I ask as during my last stint in hospital I was stupid enough to try and drive myself there and while being admitted the nurse tore me a new one when she realised I'd driven there.
Upon reflection doing so was a pretty stupid idea and I've made a mental rule not to drive when I'm feeling unwell, but at the time I thought I was fine.
I know neurologists and cardiologists can ban someone from driving and have their licence revoked until a person is well enough and medical certificate of competence is written.
Do you ever tell people to stop doing certain activities while unwell? Do you ever go so far as getting a licence revoked?
Bec
Great post, Dinah!
I try not to tear anyone a new one for any reason, they already have an old one.
I don't tell people not to drive, unless they look impaired in my office, and they don't listen to me anyway. Once or twice, I've offered to make someone coffee if they looked very sleepy.
Patients have given me forms to fill out from the MVA saying they can drive. Here's where you need a test/simulator. I never see my patients drive, I have no training in driver (or gun safety) assessment, how could I know something like this???
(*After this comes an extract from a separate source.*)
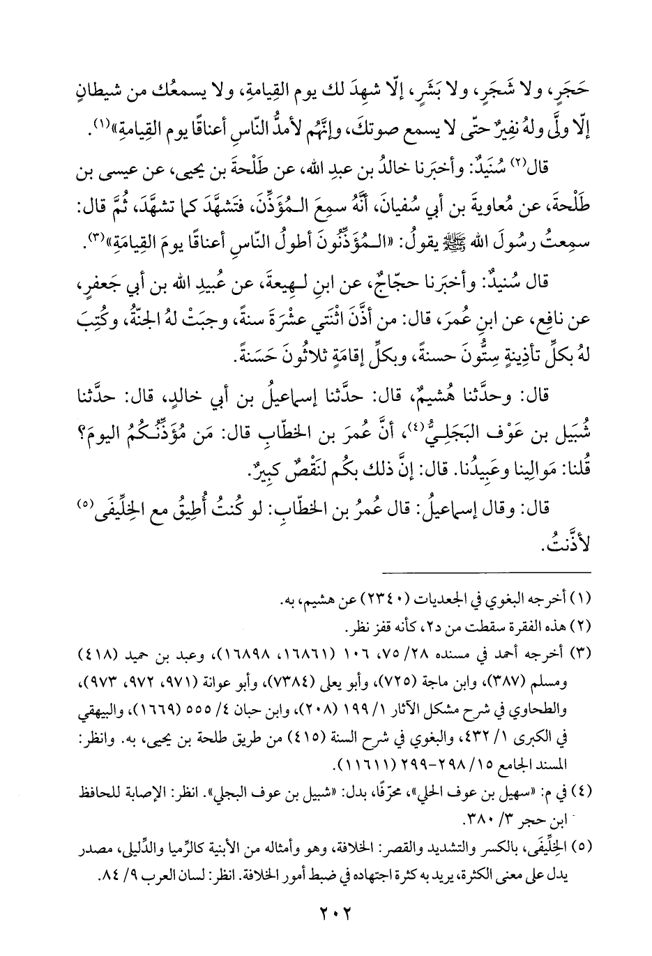 قال (¬٢) سُنَيدٌ: وأخبَرنا خالدُ بن عبدِ الله، عن طَلْحةَ بن يحيى، عن عيسى بن طَلْحةَ، عن مُعاويةَ بن أبي سُفيانَ، أنَّهُ سمِعَ المُؤَذِّنَ، فتَشهَّدَ كما تشهَّدَ، ثُمَّ قال: سمِعتُ رسُولَ الله - صلى الله عليه وسلم - يقولُ: "المُؤَذِّنُونَ أطولُ النّاسِ أعناقًا يومَ القِيامَةِ" (¬٣).

I believe that the law in our state is that you must be seizure-free for 90 days to drive. You can lie to your neurologist if you're not seizing in front of him, or you could not realize you had a seizure you should be reporting, but at least there is some vaguely objective measure there.
I've suggested that people who have multiple car accidents in a short period of time may not want to drive because it doesn't seem safe.
I do tell people in the midst of a psychosis or who are manic to stay home from work and I give them a note. I like my patients to avoid the issue of running naked around the hospital where one works. While someone could look it up, my stationery does not say I'm a psychiatrist. If you want to keep your job (diagnosis irrelevant), it's better to keep certain deeds from happening in the workplace.
I have a lot to say on this because I am bipolar so I have lived through what you are discussing. (awesome post) but I don't want to take up all your comment space so if could just look at my post about this on my blog I would appreciate it. http://nodifyouhearme.blogspot.com/2013/09/my-issues-with-diagnosis-judgement-guns.html
Anyhow, I love your blog and I have never used any phrase that uses the word twerking and giblets in the same paragraph.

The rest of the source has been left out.